Nandos oven bake their artificially growth accelerated chicken first. They then hold it pre-cooked until it's ordered, at which time it goes on the grill and is flame grilled for a minute or two whilst being doused in an oil based basting sauce. Into the bag it goes and handed over to the customer at a healthy profit. Nandos used to just grill cook their chicken a while back but they changed the technique to using an oven to pre-cook.

KFC roll the hormone riddled bird bits in the colonels special sawdust and deep pressure fry their chicken in a 'broaster'. Under pressure it cooks quicker and absorbs more grease giving the impression of being juicier and hopefully taking your mind off the impending heart attack by decoying you with the grease rolling down your chin and onto your shirt or pants.

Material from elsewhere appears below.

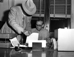 Bert Wakefield, seated on the right, was indicted in March, 1951, on two felony gambling complaints, posted a $5,000 bond. On the left, Sheriff Sully Montgomery, who had arrested Wakefield in Las Vegas Navada earlier in the week, is shown examining the signature. Published in the evening edition, May 29, 1951.
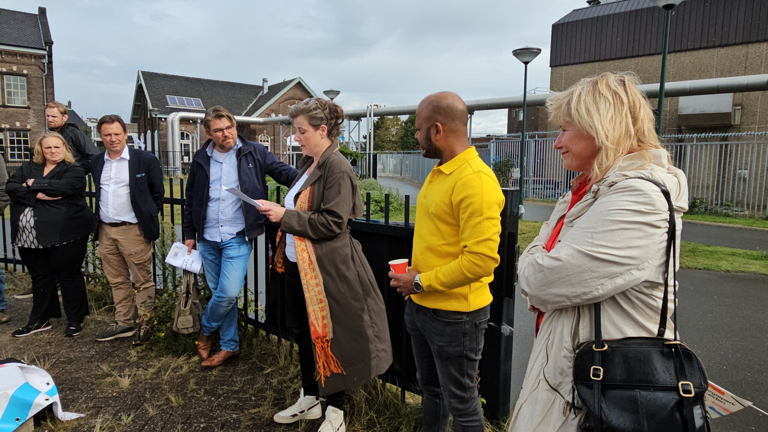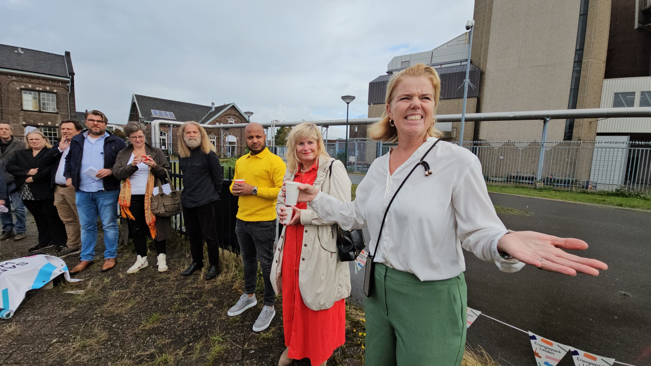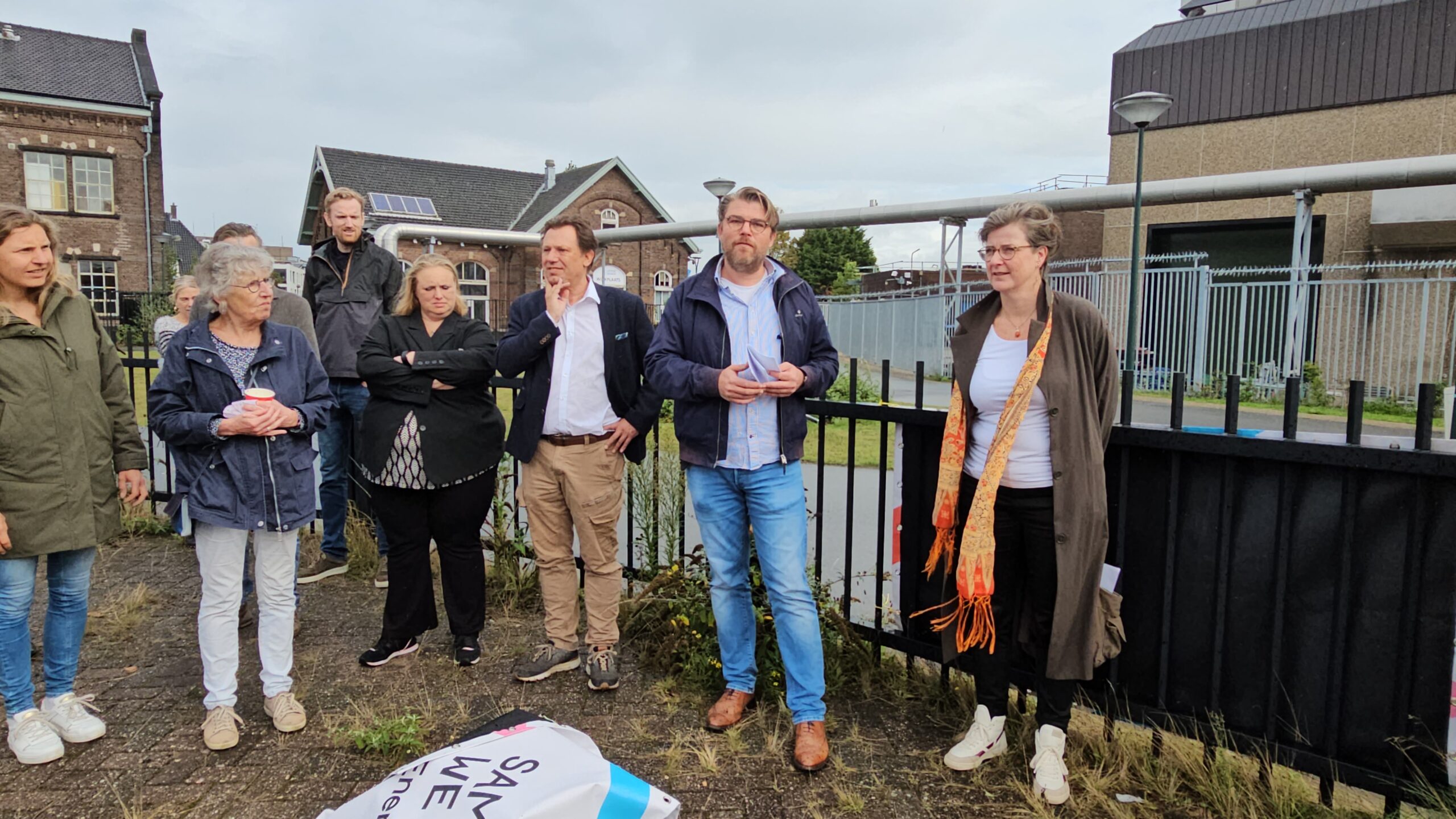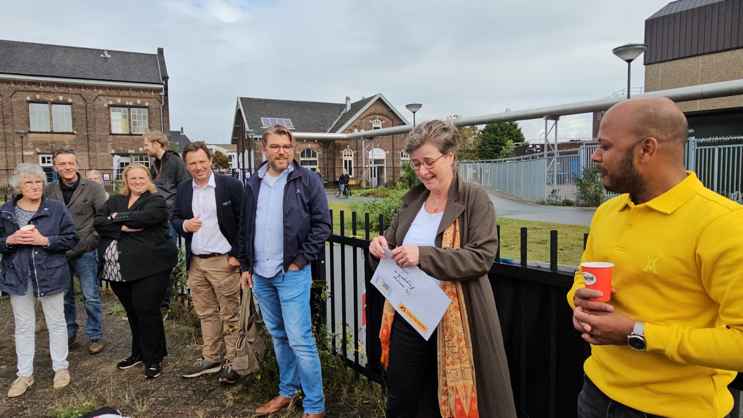 Cultuurwethouder Yvonne van Delft, Eduard Groen van de Bomenbond Rijnland, Barbara Wassenaar van Energiepark Leiden en Femke IJsinga-van Boxsel van Beelden in Leiden over het beeld in het Energiepark Leiden als symbool voor de toekomstige ontwikkelingen.

Mochacos I'm not too sure about.

----------

Citizen X (17-Apr-13), Dave A (18-Jun-10), daveob (15-Jun-10), roryf (22-Apr-13), wynn (17-Jun-10)

----------


## daveob

Thanks AndyD

Any other fast foods you would like to rip the arse out of while you're at it ?

I now have to cook one night extra per week.  You want to try Perfect Pizza, the Fish & Chip shop, Woolies Lasagne and their pies / sausage rolls and garlic bread next please ?

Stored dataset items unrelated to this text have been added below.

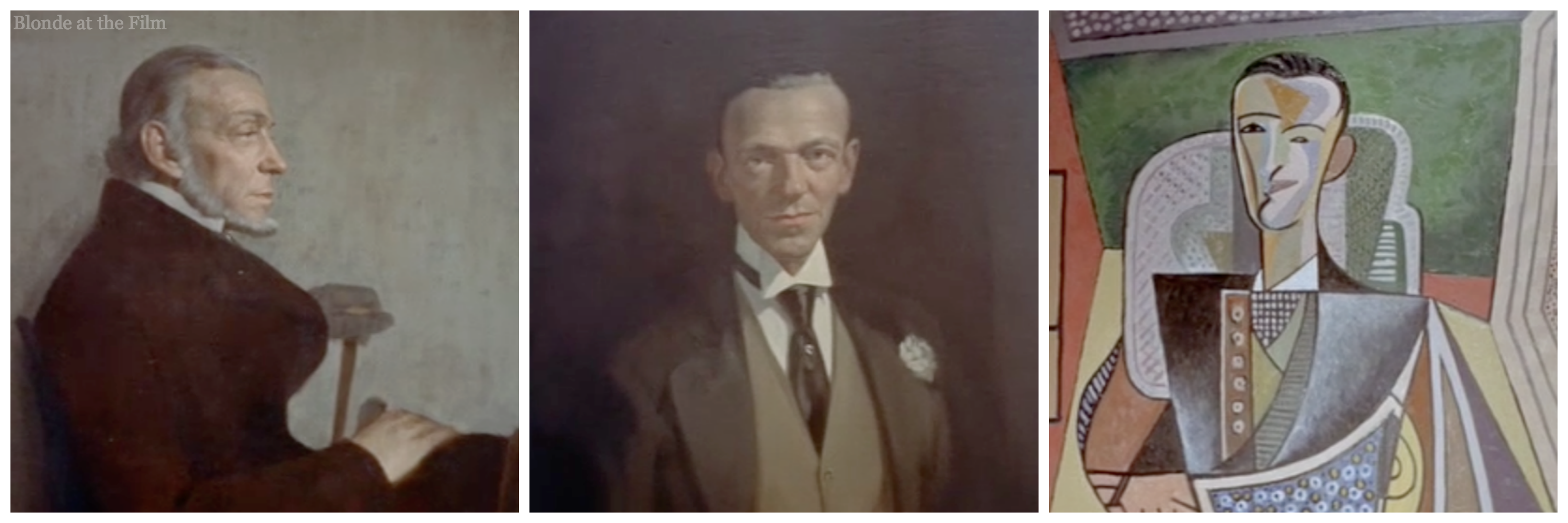 His grandfather was painted by Whistler, his father by Sargent, and Jervis by Picasso. Director Jean Negulesco painted the Picasso-style portrait himself. The portraits are a quick visual way to show 1. the family has been rich and important for a while 2. the family resemblance is terrifying and funny, and 3. the current Jervis is into modern stuff.
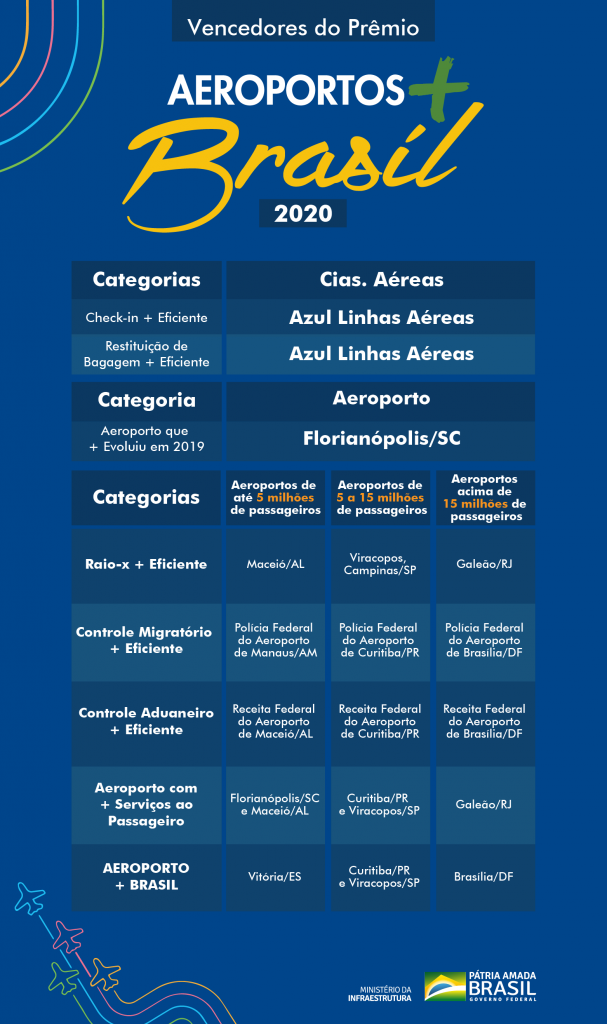 Entre as companhias aéreas, a Azul foi a grande vencedora, pelo segundo ano consecutivo, do prêmio do Ministério da Infraestrutura
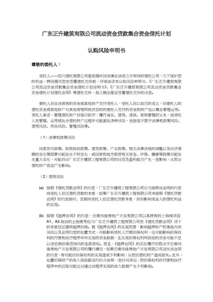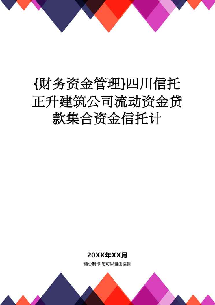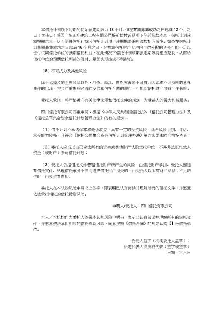 本站正式发布了《【财务资金管理 】四川信托正升建筑公司流动资金贷款集合资金信托计》文档,文档详细内容可下载阅读。 声明:本站所有文章,如无特殊说明或标注,均为本站原创发布。任何个人或组织,在未征得本站同意时,禁止复制、盗用、采集、发布本站内容到任何网站、书籍等各类媒体平台。如若本站内容侵犯了原著者的合法权益,可联系我们进行处理。

I really do need to lose some weight.

 :Smile:

----------

Dave A (18-Jun-10), wynn (17-Jun-10)

----------


## AndyD

> Thanks AndyD
> 
> Any other fast foods you would like to rip the arse out of while you're at it ?


You should have seen the first draft of that post....what you got to read was the watered down result of several minutes of re-editing to make it family/work friendly  :Smile:  .

----------

Debbiedle (18-Jun-10)

----------


## adrianh

So AndyD, shall I take it you prefer MacDonalds :-)

----------

Dave A (18-Jun-10), wynn (17-Jun-10)

----------


## Chrisjan B

> You should have seen the first draft of that post....what you got to read was the watered down result of several minutes of re-editing to make it family/work friendly  .

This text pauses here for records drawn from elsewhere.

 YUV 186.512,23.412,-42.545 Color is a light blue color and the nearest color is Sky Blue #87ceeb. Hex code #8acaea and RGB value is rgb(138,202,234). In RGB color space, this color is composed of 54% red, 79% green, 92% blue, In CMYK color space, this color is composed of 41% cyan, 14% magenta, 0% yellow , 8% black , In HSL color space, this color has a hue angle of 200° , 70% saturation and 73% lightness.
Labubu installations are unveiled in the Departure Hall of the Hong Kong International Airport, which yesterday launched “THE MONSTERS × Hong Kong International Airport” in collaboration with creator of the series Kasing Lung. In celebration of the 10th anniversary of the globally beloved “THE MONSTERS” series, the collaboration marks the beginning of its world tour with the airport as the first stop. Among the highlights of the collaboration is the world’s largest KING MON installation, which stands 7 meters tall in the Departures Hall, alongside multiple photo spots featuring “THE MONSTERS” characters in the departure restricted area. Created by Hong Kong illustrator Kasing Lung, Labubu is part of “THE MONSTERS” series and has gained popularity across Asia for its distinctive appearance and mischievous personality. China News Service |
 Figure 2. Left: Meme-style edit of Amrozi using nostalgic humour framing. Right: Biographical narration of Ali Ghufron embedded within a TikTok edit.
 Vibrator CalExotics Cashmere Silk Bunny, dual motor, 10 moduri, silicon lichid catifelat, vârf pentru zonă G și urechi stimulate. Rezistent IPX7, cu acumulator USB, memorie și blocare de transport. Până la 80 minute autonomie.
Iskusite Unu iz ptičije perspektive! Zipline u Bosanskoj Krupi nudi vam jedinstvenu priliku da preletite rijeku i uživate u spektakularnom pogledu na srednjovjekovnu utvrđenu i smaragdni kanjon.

Give us the original version!

----------


## Dave A

:Rofl: 

Aah - It's lunchtime. Where should I get my cholesterol dose today?  :Hmmm:

----------


## Hermes14

> So AndyD, shall I take it you prefer MacDonalds :-)


A couple of years ago there was an article of Carte Blanche where where they were investigating  fast food shops regarding health issues.
In Macdonalds Krugersdorp the chef was caught on camera urinating on a hamburger before serving it to a customer.
Unfortunately the customer had already eaten the hamburger before they retrieved the footage.
You are more than welcome to eat Macdonalds if you want to.

----------


## Simimano

> A couple of years ago there was an article of Carte Blanche where where they were investigating  fast food shops regarding health issues.
> In Macdonalds Krugersdorp the chef was caught on camera urinating on a hamburger before serving it to a customer.
> Unfortunately the customer had already eaten the hamburger before they retrieved the footage.
> You are more than welcome to eat Macdonalds if you want to.


That is so disgusting! Who even does such a thing..I am really starting to lose faith in humanity.

----------


## Hermes14

> That is so disgusting! Who even does such a thing..I am really starting to lose faith in humanity.


Apparently the customer & the person serving him had an argument & because of that the chef urinated on his hamburger.
Since that day, when ever I see a Macdonald sign  it reminds me of that incident.

----------


## wynn

> Apparently the customer & the person serving him had an argument & because of that the chef urinated on his hamburger.
> Since that day, when ever I see a Macdonald sign  it reminds me of that incident.


You mean the two streams of urine emenating from the middle of the M?

----------


## Simimano

Where do I go now if I want a McFlurry.. :Yikes:

----------